The first general-purpose seizure detection methods were introduced in the 1980s. However, none of the seizure detection software currently available on the market has been shown to be as accurate as a human for reviewing long-term cEEG recordings. For example, Reveal (by Persyst Development Corporation), one of the most advanced seizure detection products, offers an average sensitivity of 85 % with a false detection rate of about 14 per day for adult epilepsy monitoring unit (EMU) patients [31]. Reveal’s false detection rate often becomes extremely high (>40/day) when an EEG recording contains high number of recording artifacts, a problem common in EMU scalp EEG monitoring and more frequently seen in ICU studies. Due to this high false detection rate, most centers do not utilize or rely on seizure detection software in the long-term EEG study review process. In addition to insufficient detection performance, another major problem is that all commercially available seizure detection software is marketed for use across all patient populations, but has not been clinically validated for each patient population. These substantially different patient populations include adult and pediatric EMU patients (with scalp and intracranial recordings), adult and pediatric in home (ambulatory) EEG patients, and neonatal, pediatric, and adult ICU patients. It has been well documented that, despite of some underlying similarities, there exist significant differences in both ictal and background EEG patterns among these patient populations.
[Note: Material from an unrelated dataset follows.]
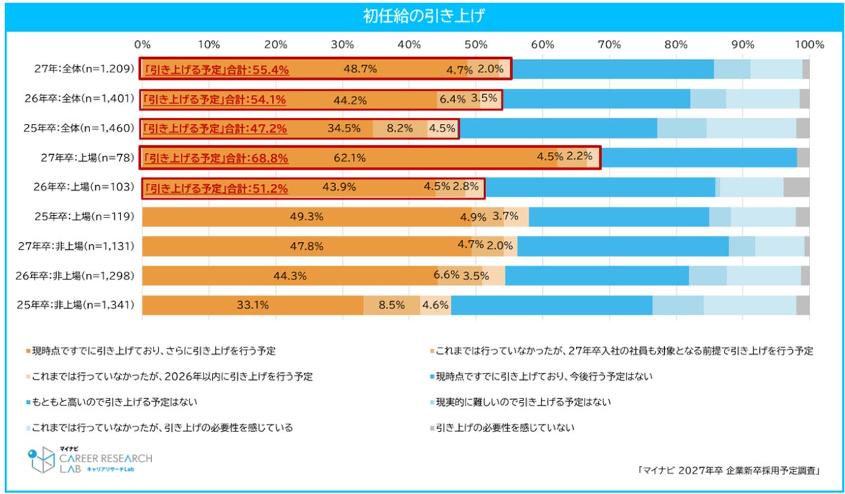 初任給の引き上げについて聞くと、今後引き上げを行う予定の企業は55.4%で、前々年(25年卒)の47.2%、前年(26年卒)の54.1%からさらに増加した。上場企業では68.8%と前年(51.2%)より17.6pt増となり、積極的な引き上げの意向がみられた。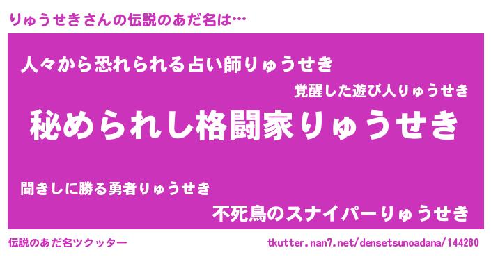 | ヒーロー風カッコイイあだ名 | 『仮面リュダー』『正義の使者りゅうせき』 |

Therefore, it is very difficult, if not impossible, for one algorithm to perform well enough in all cEEG patient populations to be clinically useful. An ideal seizure detection system must include different modules for use in different patient populations, and the performance of each must be clinically validated using patient data collected from the respective patient population. In the recent US Food and Drug Administration (FDA) Workshop on Seizure Detection, the agency instructed that, in “Indication for Use,” it has to include “In whom the device is intended to be used – specify intended population (age, patient group, seizure type).” Hopefully, advances in commercial seizure detection software over the next few years will improve performance and provide algorithms specific to different patient populations.